- [EXERCISE REQUIREMENTS]: Spot each line in the records below where the word "Font" occurs, then copy it.

- [DATA SECTION]:
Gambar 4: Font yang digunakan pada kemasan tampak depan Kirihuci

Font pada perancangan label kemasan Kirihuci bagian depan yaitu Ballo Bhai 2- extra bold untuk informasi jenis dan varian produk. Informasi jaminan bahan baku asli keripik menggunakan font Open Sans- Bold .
==
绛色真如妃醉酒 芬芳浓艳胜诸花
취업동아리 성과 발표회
--
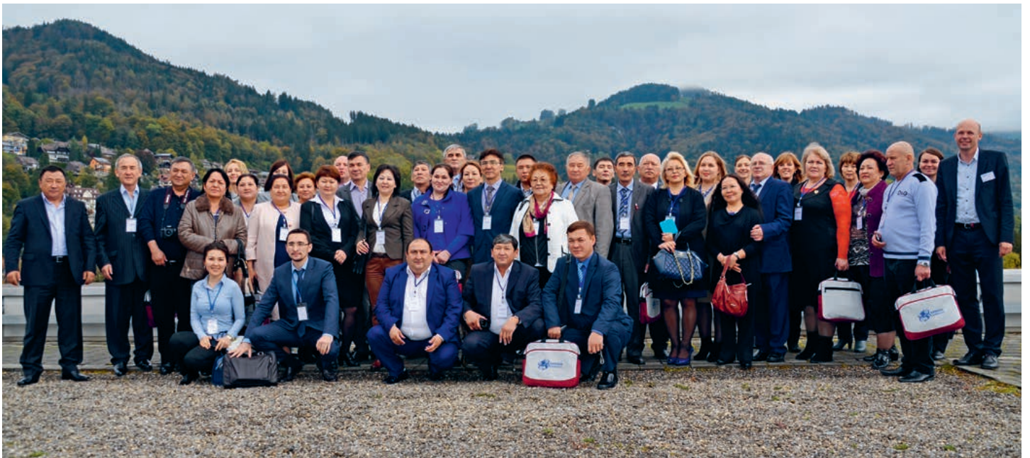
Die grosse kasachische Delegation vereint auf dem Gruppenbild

- [OUTPUT FOR THIS EXERCISE]:
Gambar 4: Font yang digunakan pada kemasan tampak depan Kirihuci
Font pada perancangan label kemasan Kirihuci bagian depan yaitu Ballo Bhai 2- extra bold untuk informasi jenis dan varian produk. Informasi jaminan bahan baku asli keripik menggunakan font Open Sans- Bold .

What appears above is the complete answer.